Teori harapan didasarkan pada kenyataan bahwa kehadiran kebutuhan aktif bukanlah satu-satunya kondisi yang diperlukan memotivasi seseorang untuk mencapai tujuan tertentu. Seseorang juga harus berharap bahwa perilaku yang dipilihnya benar-benar akan membawa pada kepuasan atau perolehan apa yang diinginkannya. Dengan demikian, ekspektasi dapat dipandang sebagai penilaian individu terhadap kemungkinan terjadinya suatu peristiwa tertentu, misalnya, sebagian besar mahasiswa dengan tepat berharap bahwa keberhasilan menyelesaikan kuliah akan memungkinkan mereka mendapatkan pekerjaan yang baik dan, dengan bekerja keras, mereka akan dapat maju. dalam karir mereka.

1. Harapan akan hasil yang diinginkan dari usaha tambahan yang dikeluarkan (biaya – hasil).

Misalnya, seorang tenaga penjualan mungkin berharap jika dia menelepon 10 orang lebih banyak dari biasanya dalam seminggu, penjualan akan meningkat sebesar 15%. Seorang manajer dapat berharap bahwa jika dia melakukan upaya ekstra dan menulis laporan triwulanan tepat waktu, dia akan menerima pujian yang tinggi atas kinerjanya. Seorang pekerja pabrik dapat berharap bahwa jika ia menghasilkan produk berkualitas tinggi dengan sedikit limbah bahan baku, maka ia akan mendapatkan promosi jabatan.

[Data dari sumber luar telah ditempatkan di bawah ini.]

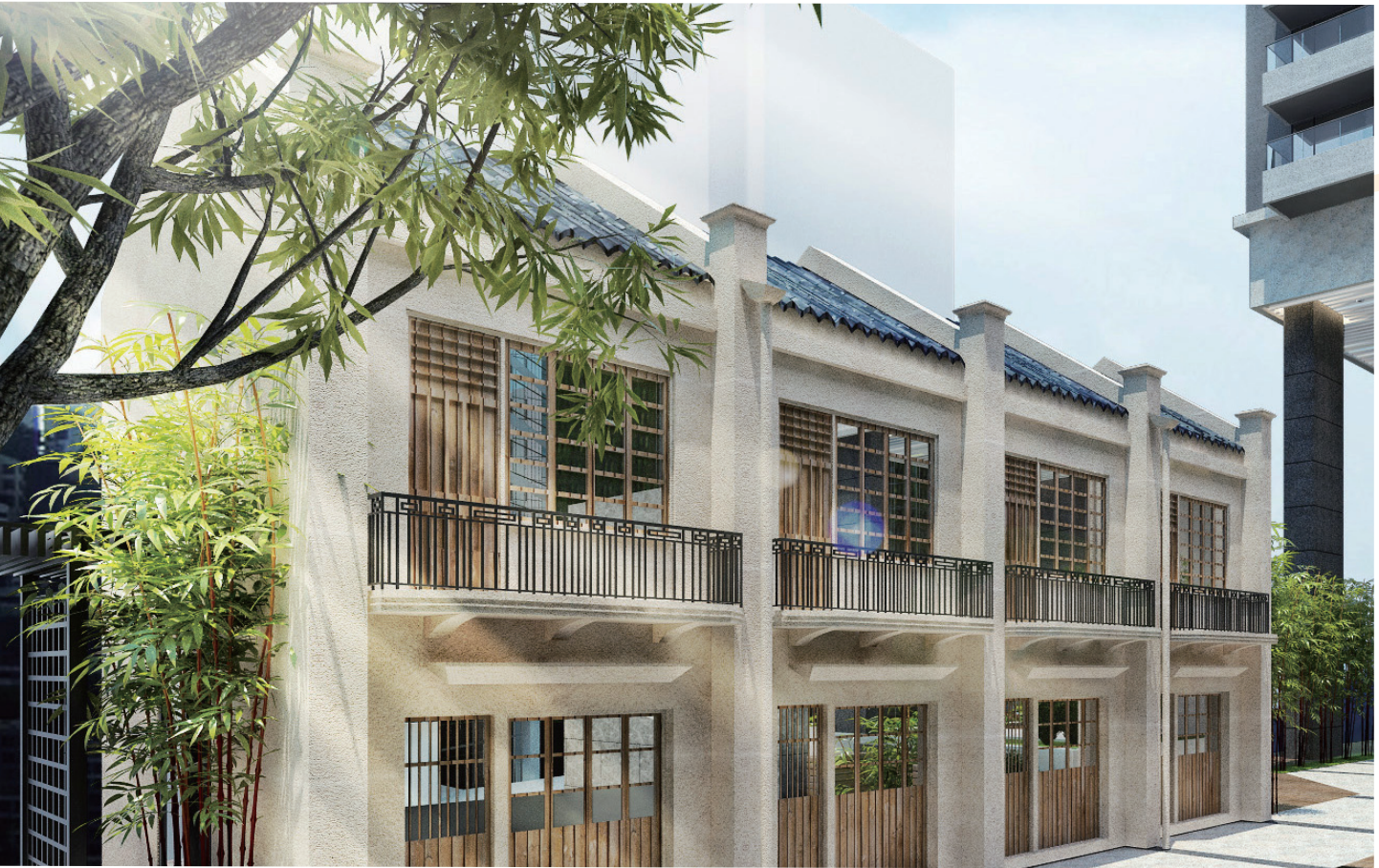
The tenement houses at No.9-12 Yu Lok Lane will be preserved and revitalised.

The URA is firmly committed to preserving and revitalising buildings, sites, and structures that are of historical, cultural or architectural interest, and that are within the scope of the URA's redevelopment projects, or outside its project site, but are supported by the Government. The intention is also to pursue preservation and revitalisation in a comprehensive, holistic and practical manner.

Tentu saja, dalam semua contoh di atas, orang mungkin tidak berharap bahwa upaya ekstra mereka akan membuahkan hasil yang diinginkan. Menurut teori ekspektasi, jika karyawan merasa tidak ada hubungan langsung antara usaha yang dikeluarkan dan hasil yang dicapai, maka motivasi melemah. Hubungan biaya-manfaat mungkin tidak ada karena karyawan tersebut memiliki harga diri yang buruk, persiapan atau pelatihan yang buruk, atau karena karyawan tersebut tidak diberi wewenang yang cukup untuk melakukan tugas tersebut.

2. Harapan imbalan atas hasil yang diperoleh (result – reward).

Melanjutkan melihat contoh yang diberikan, kami mencatat bahwa dengan peningkatan volume penjualan sebesar 15%, agen penjualan dapat mengharapkan untuk menerima persentase bonus tertentu. Seorang manajer dapat berharap bahwa, sebagai hasil dari usahanya, kinerjanya akan sangat dihargai oleh manajemen, dia akan menerima promosi, dan dia akan mendapatkan keuntungan dan hak istimewa yang terkait. Seorang pekerja dapat berharap dengan naik pangkatnya ia akan menerima gaji yang lebih tinggi atau menjadi mandor.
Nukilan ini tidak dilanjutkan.